In 1928, with big-time vaudeville ending, Smith landed a job on radio's popular  The Collier Hour, and received $35 for three minutes work. His radio career continued with The March of Time, Cavalcade of America, Forty Minutes in Hollywood and Crime Doctor. Smith created the role of Sergeant Velie in The Adventures of Ellery Queen.
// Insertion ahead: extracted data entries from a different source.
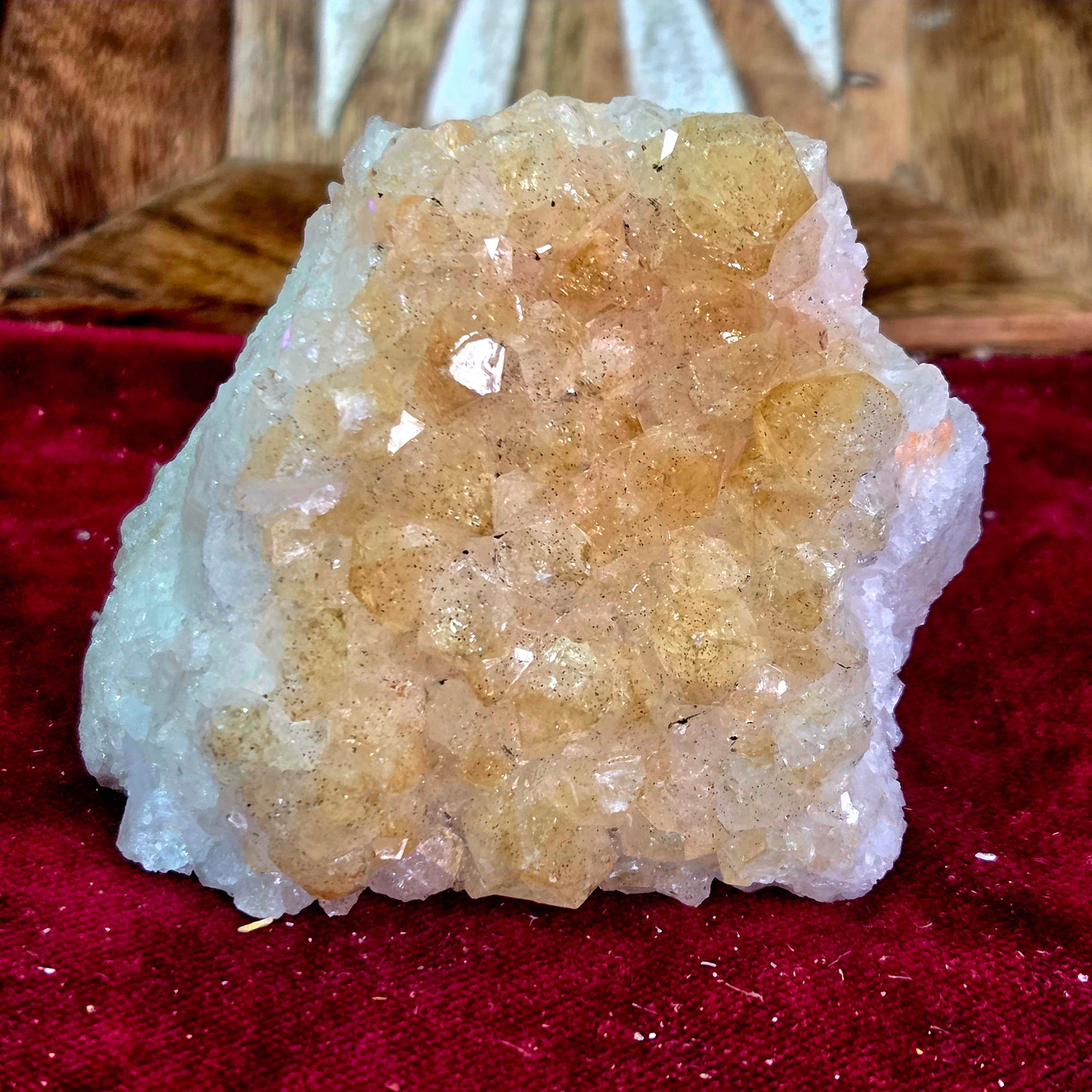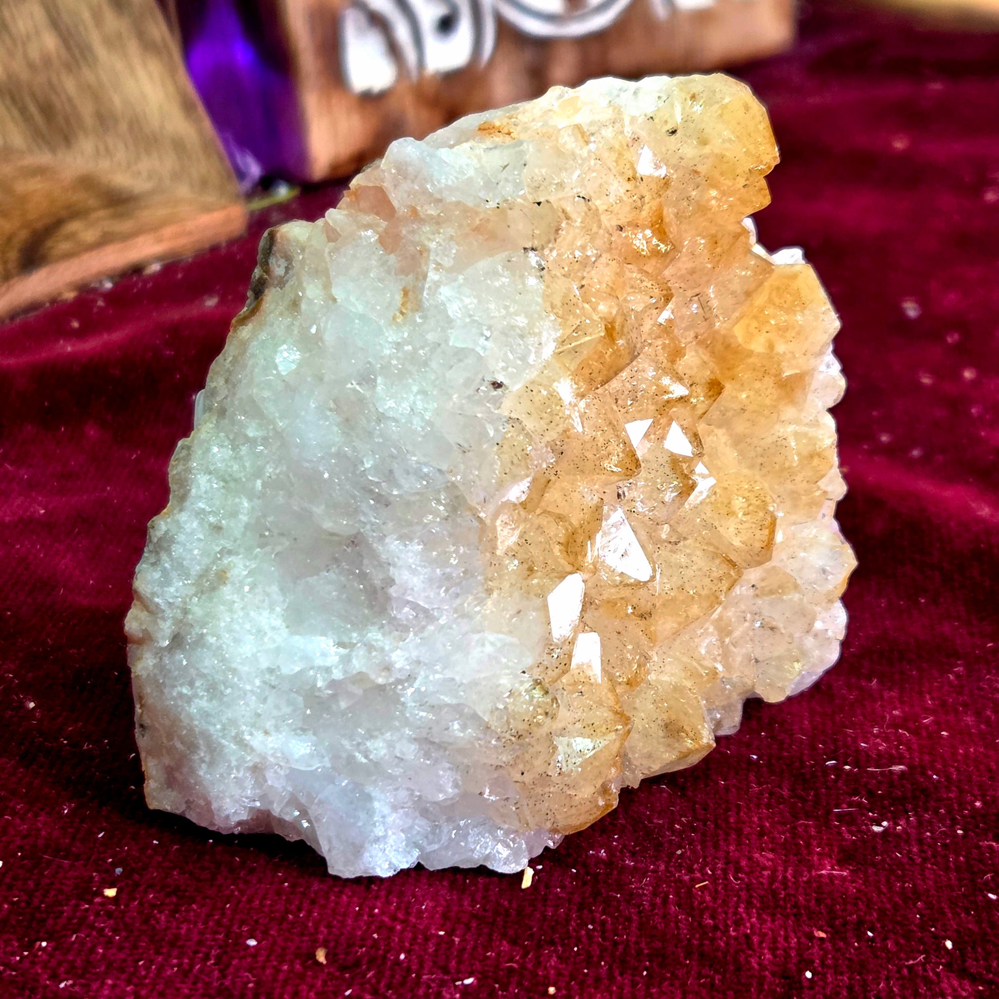 Cada drusa es única en su forma y brillo, perfecta tanto para decoración como para prácticas de meditación, feng shui o rituales energéticos. Además de su belleza natural, el citrino es considerado un poderoso armonizador del ambiente, capaz de aportar alegría y equilibrio emocional.
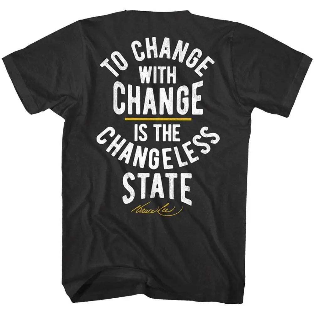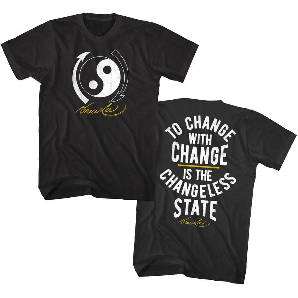 The undisputed most famous martial artist of all time? Lee Jun-fan AKA Bruce Lee was a Hong Kong-American actor, director, martial artist, instructor, philosopher and all-round legend! He was the founder of Jeet Kune Do, a hybrid martial arts philosophy drawing from different combat disciplines that is often credited with paving the way for modern MMA. Bruce Lee is considered by critics and the media to be the most influential martial artist of all time and a pop culture icon of the 20th century, who bridged the gap between East and West. Wear some martial arts history, this epic graphic Bruce Lee Yin Yang Changeless State t-shirt has a vintage style print with a distressed look as if you bought it in the 70’s
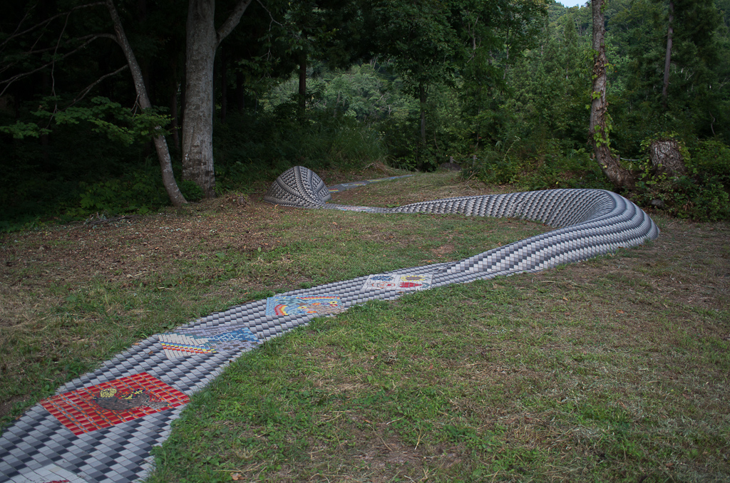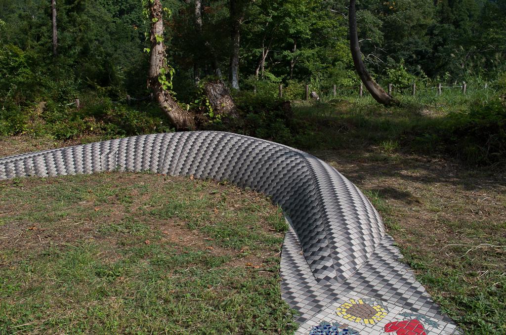 投稿日: 2012年9月10日2012年10月2日 投稿者: おフクぼくのなつやすみ -3日目 中編- さて、実はここにもトリエンナーレの作品があるのである。 一応、七ツ釜に合わせた作品。 もう、どう見ても蛇です、ネタバレです。 でも、最初に目に飛び込んできたのはココの部分。 アルマジロかとか思ったのはナイショですぞ。 さて、しっぽがあるからには頭は…と思っていたら… 案外長い(笑) ちょっとした山道を上っていく。 道は狭い。 やがてひらけたところに… いた(笑) 想像してたよりかわいらしいけど…ぺったんこ過ぎない? 最後は自分を撮って、なかさとエリア終了~!! 下りたり上ったり、ホントに疲れた~!! ページ: 1 2 3 4 5
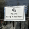 Bina girişine asılan ‘kasklı giriş yasak’ uyarısını gören vatandaşlar hayrete düşerken, motokuryelerin bu duruma nasıl tepki vereceği merak konusu oldu.

He played the role of Will Brown, Homer's father, on radio's The Aldrich Family and later reprised the role on the NBC television series.

A member of the repertory company of Orson Welles's CBS Radio series The Mercury Theatre on the Air and The Campbell Playhouse, Smith played the role of the ill-fated bomber commander in the 1938 production of "The War of the Worlds". Smith appears as Cuban plantation owner Joseph Johnson in Welles's rediscovered film Too Much Johnson — slapstick sequences that were to be integrated into a theatre production that was briefly staged in August 1938 before it was shelved.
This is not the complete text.